Ляпа сидела, раскрыв рот, даже про любимую малину с молоком забыла. Витя покосился на сестру, но решил выяснить всё до конца — днём-то и страшилки нестрашные.
— Баб, а он ещё что-то про мунчо Марью болтал, она кто?
— Это вы, что ли, в пичи-Галину баню полезли? А как провалитесь? Доски-то гниют, небось. Чтоб ноги вашей там не было! Витя, ты же старший, думать должен!
— Так жара была, мы в предбанник только зашли, в тенёк.
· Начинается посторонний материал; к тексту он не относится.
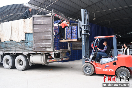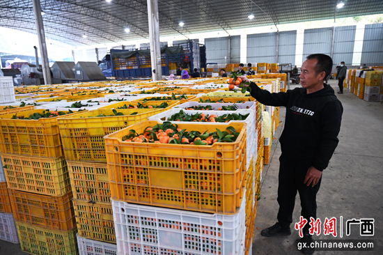 象州县砂糖橘丰收。图为吉星果业仓库一角。

А тут Петька, руками замахал, про Марью эту кричит...
— Дурак, а поумнее некоторых городских будет, не лезет, куда ни попадя! — Бабушка рассердилась взаправду, но видя, что Витька надулся, всё же рассказала:
— Мунчо Марья — банная Марья значит. Говорят, она младенец, матерью-злыдней утопленный. И Марья злая, людей душит, кто мыться не по правилам ходит. В бане себя осторожно вести надо, а не скакать козлом по полкам! — от замечания в воспитательных целях бабушка не удержалась. — Иногда одна живёт, а бывает, что их по нескольку в бане поселяется — ну, это тогда гиблое дело, бросать надо. Баня вообще нечистое место, без иконы стоит, а в брошенных-то банях и вовсе всяка нечисть водится. Так что нечего там шастать. И хватит мне тут зубы заговаривать, собирайтесь, за хлебом пойдём!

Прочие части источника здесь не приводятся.